Capital planning tool streamlines portfolio management
Connecting state and local government leaders
Capital Assets software streamlines capital planning, providing agencies with best practices, templates and visual analytics.
Government capital planning professionals have a new tool to help them visualize, track and allocate funds and resources.
Decision Lens Capital Assets is designed for government and industry capital planners working in transportation, mass transit, facilities, water, and public works and utilities. Based upon Decision Lens’ cloud-based prioritization and resource optimization software, Capital Assets gives agencies a more systematic and repeatable approach to ensure that capital projects are aligned with overall agency objectives, said John Saaty, Decision Lens’ president.
The Maryland Transit Administration used Decision Lens software to revise its capital planning process across eight divisions, integrating and aligning the conflicting priorities of all the decision-makers with the agency’s goals.
Capital Assets uses the same prioritization process as Decision Lens software, but incorporates features that are more useful for capital planning, Saaty said.
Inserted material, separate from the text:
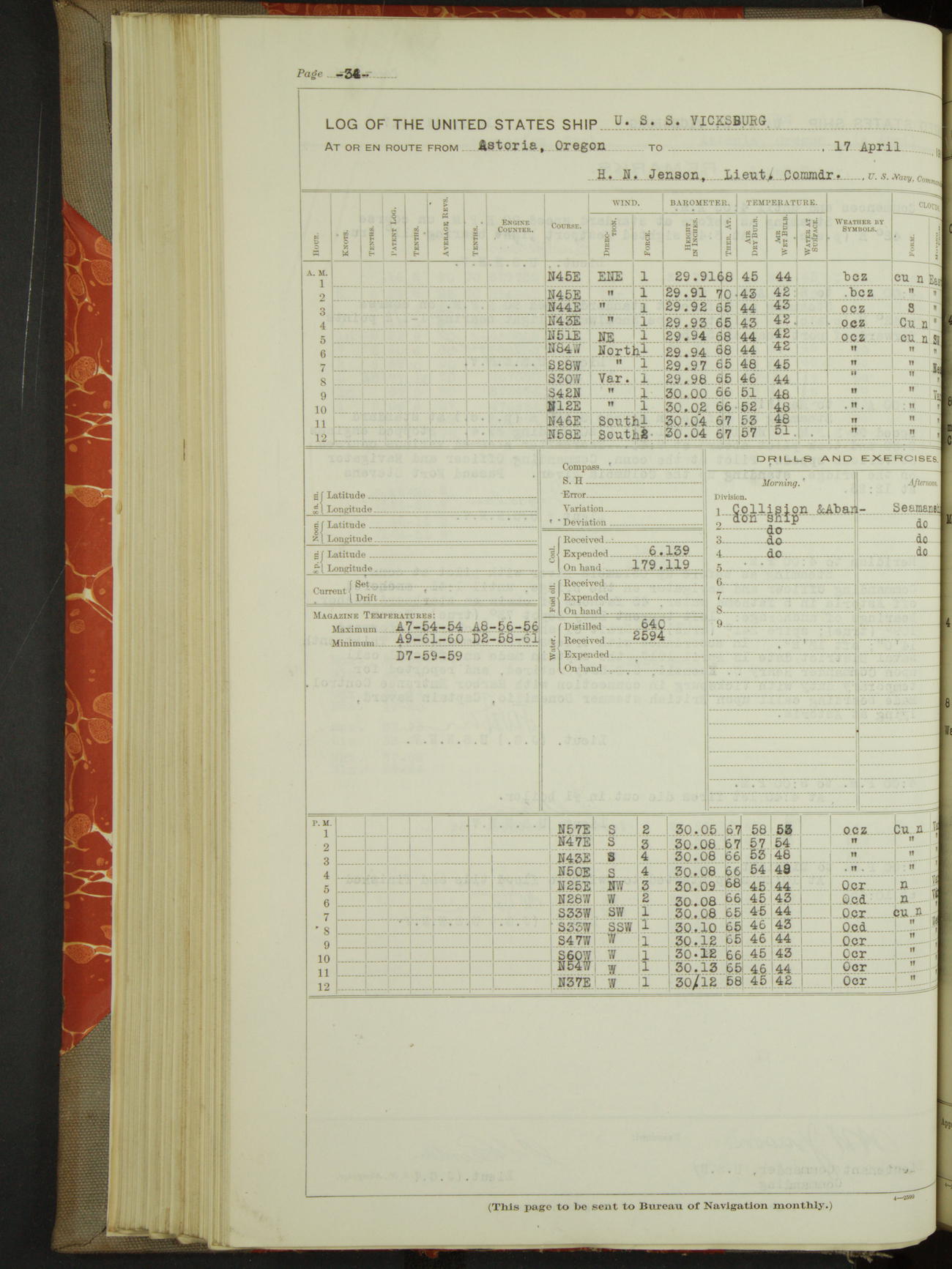 50874ec109d409075501bf27: (http://oldweather.s3.amazonaws.com/ow3/final/USS Vicksburg/vol03of04_cr2_to_jpg/vol03of04_451_1.jpg)

Those features include:
- Capital planning decision blueprints are industry-specific templates that incorporate industry best practices, as well as input from industry experts, trusted journals and research.
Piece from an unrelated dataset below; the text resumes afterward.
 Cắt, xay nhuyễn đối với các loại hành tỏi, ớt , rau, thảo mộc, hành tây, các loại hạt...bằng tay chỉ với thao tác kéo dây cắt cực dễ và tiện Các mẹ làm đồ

- Resource balancer helps organizations better align funding with resources. Often organizations have the funds for a project but managers do not have the project management and engineering people to successfully execute the project. For example, a few years ago, the Maryland Transit Administration, which has a $600 million capital and program improvement budget, could not spend $200 million because of resource constraints, Satty noted. The resource balancer can allocate resources, showing where the project bottlenecks are, he said.
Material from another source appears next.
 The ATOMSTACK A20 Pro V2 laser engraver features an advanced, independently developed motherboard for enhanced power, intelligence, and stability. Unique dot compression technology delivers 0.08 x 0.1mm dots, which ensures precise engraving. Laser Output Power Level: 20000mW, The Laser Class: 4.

- Geographic mapping gives planners a visual view into their capital project portfolio, giving them additional insights. Planners in transit and transportation departments can overlay geospatial information about voting districts that gives them better insight on areas that might be underfunded for improvements. Capital Assets also incorporates visual analytics like bubble charts and Pareto tables, making it easier to spot trends and answer questions.
Decision Lens software is delivered in a software-as-a-service model and is used across government to help set priorities and allocate resources, Saaty told GCN in August. Other government agencies using the software include Homeland Security and Agriculture departments; U.S. Army, Air Force and Navy; the Maryland Department of Transportation and the Washington Metropolitan Area Transit Authority.